Over the years countless fossils have been recovered from the Riversleigh World Heritage Area, including ancient marsupial lions, carnivorous bilbies and bandicoots, and big birds.

David Attenborough, a long admirer of Riversleigh who regards it as one of the great wonders of the palaeontological world, wrote a letter to commemorate the anniversary.

UNSW Professor Mike Archer, who received the letter, was asked to read out the kind words at the official celebrations. 

Professor Archer was one of the early pioneers in uncovering the paleontological treasures at Riversleigh from the 1970s and was critical to the site being listed as a World Heritage Area.

Naracoorte Caves. (Image credit: Wikimedia)

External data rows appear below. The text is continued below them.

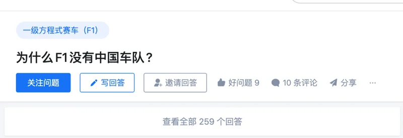 其实类似的反应,在几年前知乎一条关于“为什么F1没有中国车队”的问题上已经反复出现,大家讨论的焦点基本集中花重金在欧美体系的赛车赛事中找存在感实在没有必要。
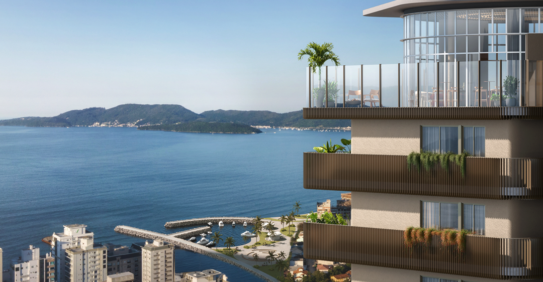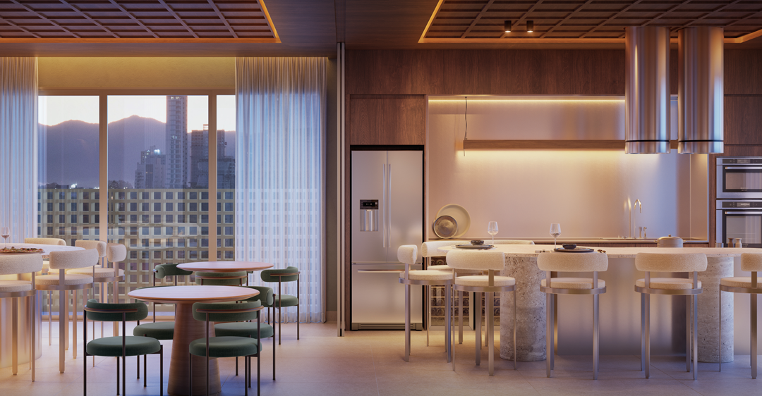 O guarda corpo, desenhado como um detalhe único, abraça a viga de borda e enriquece a composição visual. Além disso, a arquitetura do Orgânica traz uma divisão marcada entre áreas sociais e íntimas dos apartamentos que reforça a busca pela sensação de casa mesmo em um empreendimento tão verticalizado.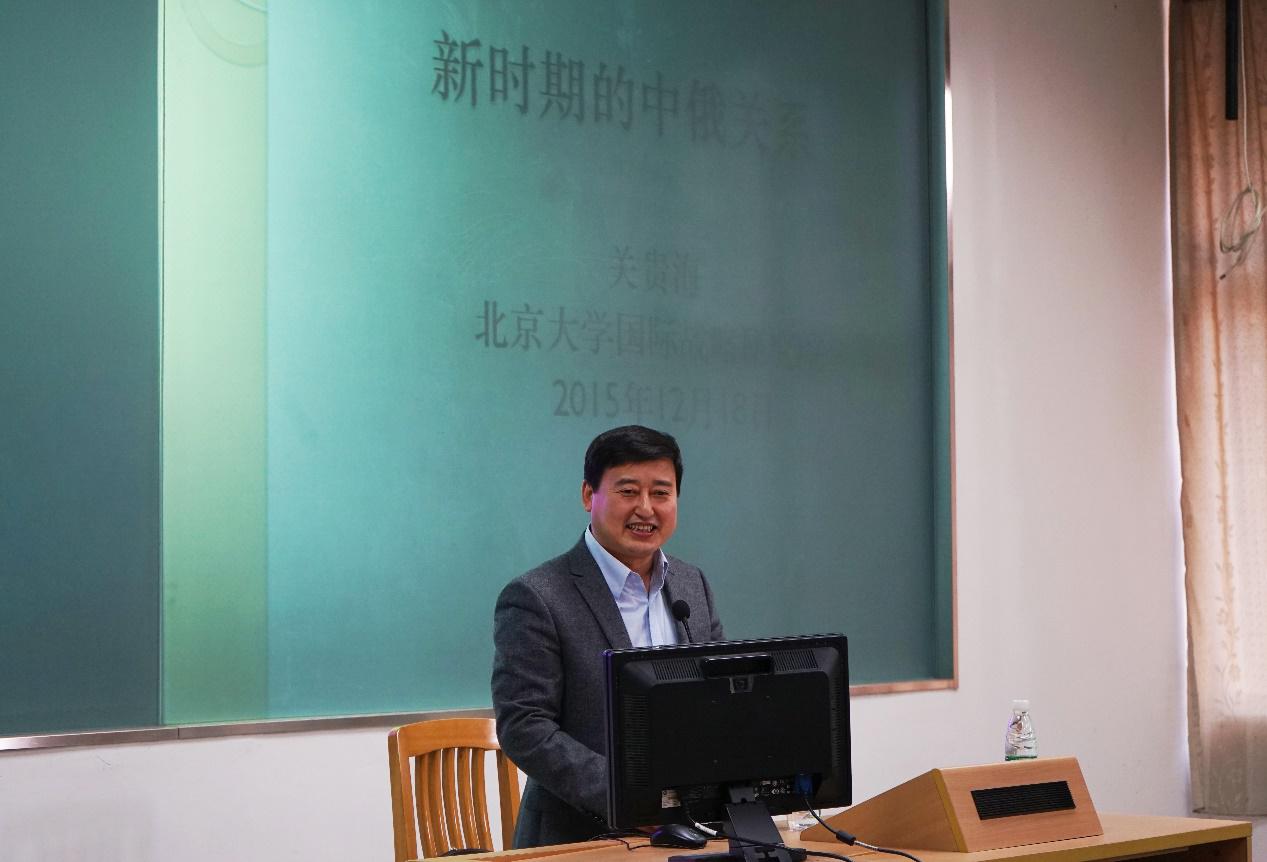 关贵海在讲座开始便明确指出:研究中俄关系问题,不能简单地把关注点放在当今的热点事件之中,而应从中俄的历史渊源、俄罗斯的民族宗教、民族性格着手,才能更好的去了解和认识中俄关系,避免导致研究学习的表面化。

Read the letter (in full) below:

Riversleigh is one of the great wonders of the palaeontological world. What other site has produced such an extraordinary assemblage of mammals, birds, reptiles and many other creatures hitherto completely new to science. Not just one or two species but literally hundreds of them. And not just new but undreamed of. Who would have dared to imagine herds of marsupials the size of sheep grazing in the treetops while hanging upside down like sloths?   

These revelations are the more remarkable when it is remembered that the difficulty of preparing Riversleigh specimens is also almost unparalleled. But that very difficulty has brought its own reward. It has preserved not just the bones and teeth of these prehistoric animals, but even soft tissues, in fact so perfectly preserved that actual cells can be seen. Astoundingly, even structures within these cells, like the nucleus that once contained the animals’ ancient DNA, have also been recovered from Riversleigh’s rocks. 

And just as importantly, Riversleigh’s fossils are making it possible to determine how to save one of the rarest of surviving marsupials, the Mountain Pygmy-possum, a critically endangered alpine marsupial now threatened with extinction because of global warming. Understanding the deep time history of this possum’s lineage recorded in the Riversleigh rocks has now made it possible to devise a strategy by which the surviving species may be saved. As a result, Riversleigh fossils, while extraordinary in their own right, are now teaching us how to rescue the living.

Will the revelations of Riversleigh ever come to an end? My bet is there are lots more to come and that the next twenty-five years of research into the resources of these World Heritage-listed fossil deposits will add far more to Riversleigh’s already extraordinary story.